Hannah McCarthy: But first, if you want a primer on more Supreme Court decisions, along with a breakdown of every branch of government, our election system, our foundational documents and a history of our main parties. Nick and I took what we learned over many years of getting to know our government and systems and put it into a book. It's called A User's Guide to Democracy How America Works and You Can Get It at Your Bookseller of Choice.
Nick Capodice: And by the way, the cartoons in our book were drawn by the brilliant [00:13:30] Tom Toro, who has just illustrated a children's book called I'm Terrified Of Bathtime. You should check that out while you're at it.
Hannah McCarthy: All right, we're back. Citizens United versus FEC is being argued in the highest court of the land. So, Nick, what is the question they're arguing?
Nick Capodice: Well, at first it's what we call a very narrow question. It's very specific to one moment in time, can Citizens United distribute and advertise Hillary the movie on on demand [00:14:00] cable just before the primary? But as so often is the case, narrow questions can become big, sweeping rulings.
Archival: We'll hear an argument today in case zero eight 205 Citizens United versus the Federal Election Commission. Mr. Olson.
Archival: Mr. Chief Justice and may have pleased the Court.
Nick Capodice: There's a famous moment in the argument where the person representing the FEC, Deputy Solicitor General Malcolm L Stewart, is asked by the justices, Well, [00:14:30] what about a book? We're talking about a movie here, but what about a book.
Archival: That's pretty incredible? You think that if a book was published, a campaign biography that was the functional equivalent of express advocacy, that could be banned. I'm not saying it could be banned. I'm saying that Congress could prohibit the use...
Nick Capodice: Can the government ban a book critical of a candidate if it comes out before an election and the more conservative justices latched on to that and did not let go? They were very anti [00:15:00] banning books. The court meets to discuss how they're going to vote. And it seems like it's five four in favor of Citizens United. Chief Justice John Roberts was poised to write the opinion and Justice David Souter the dissent. But New Yorker reporter Jeffrey Toobin revealed that Souter's dissent was not your run of the mill dissent. It was very critical of Chief Justice Roberts and that it, quote, aired the court's dirty laundry. So Roberts said the case would be reheard in the next session [00:15:30] and Justice Kennedy would write the opinion. And Justice Souter retired.

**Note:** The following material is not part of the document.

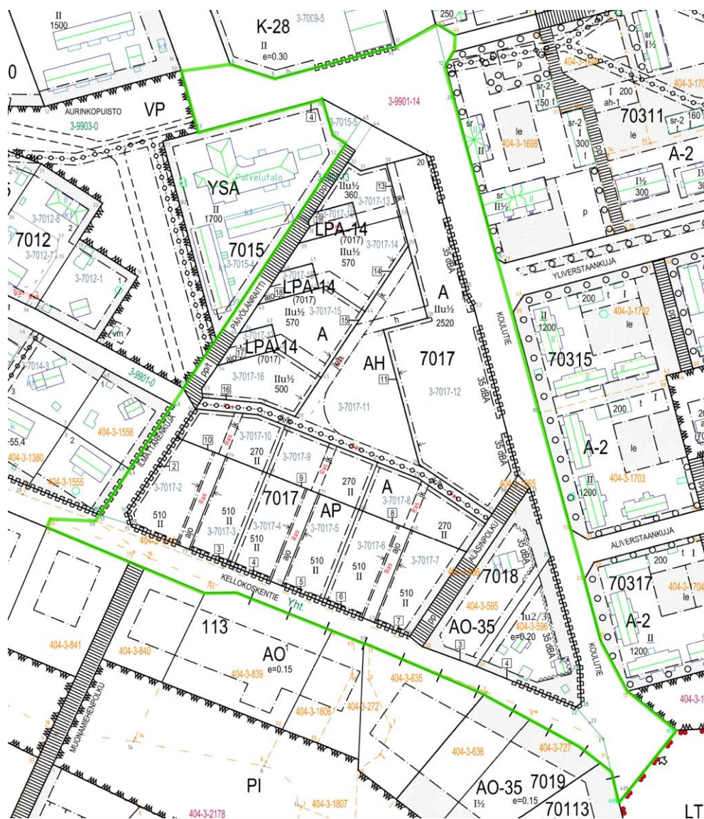
Asemakaavan muutosrajaus ajantasakaavaotteella
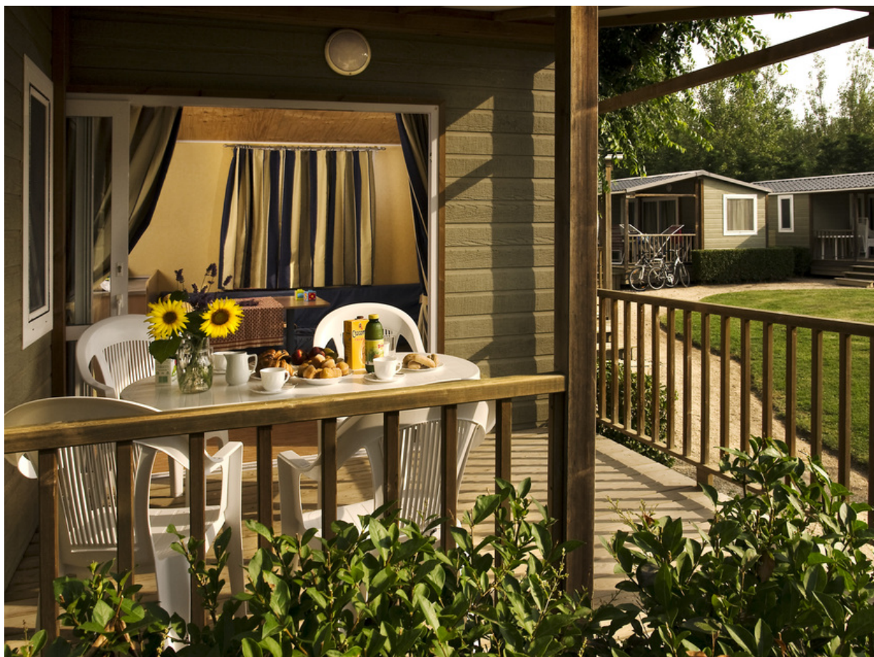
Camping in Sant Pere Pescador

Die perfekte Basecamp für einen Familienurlaub in Sant Pere Pescador ist zum Beispiel der Campingplatz La Ballena Alegre. Komfortabel ausgestattete Bungalows und eine eigene Rasenparzelle mit Hängematten sowie ein Pool in unmittelbarer Nähe garantieren einen entspannten Aufenthalt. Kinder sind vor allem von den bunten Wasserrutschen im Splash Park begeistert. Der Mini-Club für Kinder ab vier Jahren bietet außerdem reichlich Gelegenheit, Freundschaften zu schließen und kreativ zu werden. Erwachsene finden hingegen im Campingplatz eigenen Spa ganz besonderen Urlaubsgenuss. Weitere Infos gibt es hier .

Hannah McCarthy: Wow. Will we ever know what was in Justice Souter's dissent?
Nick Capodice: We will if you live that long, Hannah. His papers are set to be released in 2060. So in the next session, the decision was announced. Justice Anthony Kennedy wrote and read the opinion. And in a rare occurrence, Justice John Paul Stevens read his dissent, which was longer than the opinion, aloud from the bench. [00:16:00]
Hannah McCarthy: It never happens, right.
Nick Capodice: Sometimes.
Archival: Well, American democracy is still imperfect. Few outside the majority of this court would have thought its flaws included a shortage of corporate money in politics.
Hannah McCarthy: Okay, so the thing that everyone says about Citizens United, the sort of pop culture phrase that we all know about it, is that Citizens United decided that corporations are people. Yeah. Did it say that? Is that in there? [00:16:30]
Nick Capodice: No, it did not. Interestingly, that is not in Justice Kennedy's opinion. The decision says political speech rights do not depend on the identity of the speaker. That speaker can be a person or a group of people.
Hannah McCarthy: Okay. So campaign donations are considered speech. Speech is protected by the First Amendment. Corporations also have those protections. So does that mean that corporations can now give to campaigns?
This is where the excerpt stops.